長次は他言はしないと確かに言った。私も耳にした。けれど、長次の腕に抱き締められた時、悪寒が身に走った。何よりも、長次は「花香の店」と口にした。年頃の男児であれば何の店なのか知らない筈は無い。私も一応は今は男だから、それなりに知っている。そう。花香という名の店は出会い茶屋だ。長次は私が知らないとでも思ったのだろうか。否、私が知っていると踏んで口にしたのだ。これは――遠回しに、黙っていてやるから抱かれろと、そういう意味なのだろうか。いや、長次に限ってそんな事――分からない。男と偽り皆の隣でのうのうと過ごしてきたのだ。騙されていたのだと知れば、長次と云えどやはり失望したのかもしれない。その腹癒せという事もある。
灯りを手に厠の外へ出れば、空に散る星々が綺麗に見えた。長次を信じるべきか。疑うべきか。そもそも、私は疑う事なんて出来ない。そうだ。信じる事しか出来ないんだ。長次は唯、私と話をする為に、他者から疑われ難い場所――出会い茶屋を選んだんだ。きっとそうだ。

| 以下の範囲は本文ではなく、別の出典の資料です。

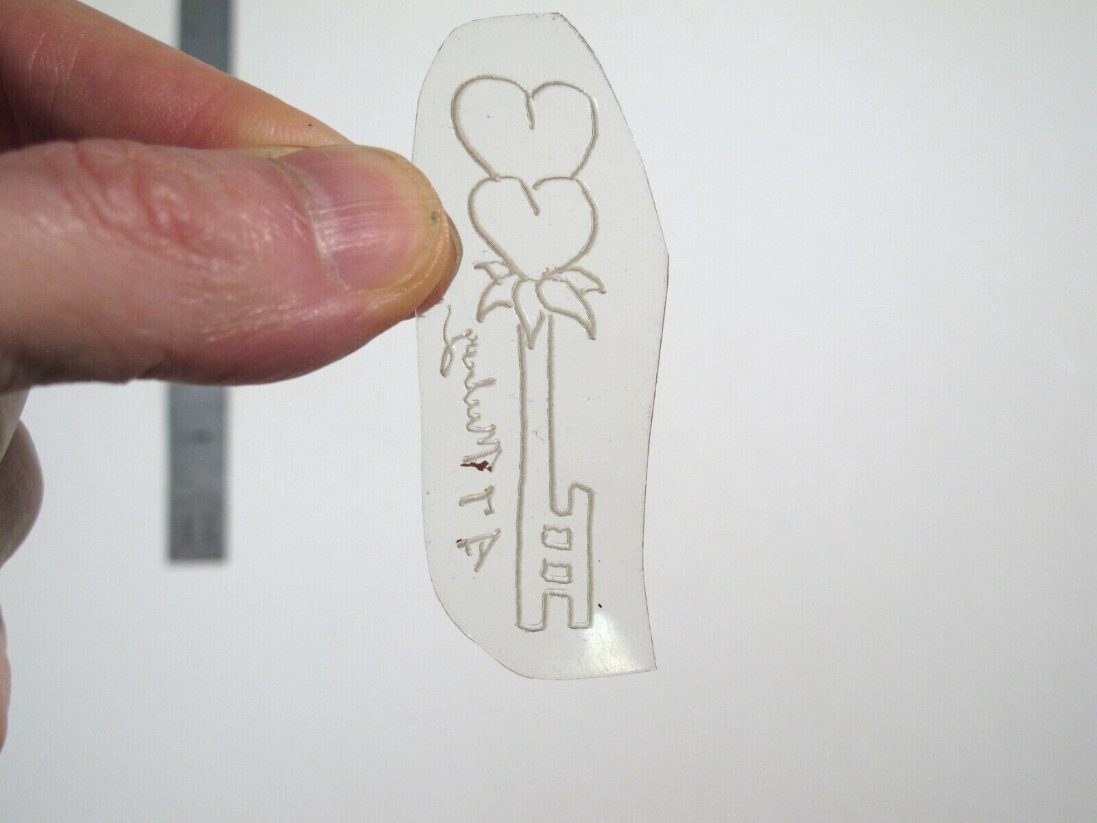 vtg 1960s 70s Tattoo Flash acetate stencil Two Hearts on Key signed HAR2

室に戻れば、仙蔵と文次郎が仲良く――ではないが、寝ていた。取っ組み合いが続いていたのだろう。文次郎の夜着が所々裂かれている。此れは後で事務の小母ちゃん辺りに怒られそうだ。仙蔵も腕に引っ掻き傷を残していた。蚯蚓腫れになっていて、とても痛そうだ。
「……私も、男に生まれれば良かった」
仙蔵、文次郎、伊作、留三郎、小平太、そして長次。皆と過ごしてきた日々を思い返すと、思わず口にしてしまう。男であればこんなにも悩む事などなかっただろう。友と――いや、親しき友と思っているからこそ、何度と、男として生まれてきたかったと思ってしまう。
「おやすみ、仙蔵。文次郎」
仙蔵の文については明日、考えよう。長次との一件を落着させるまでは筆を手に出来無さそうだ。
上掛けを仙蔵と文次郎の腹に被せ、私は仙蔵の隣に寝転び目蓋を閉ざした。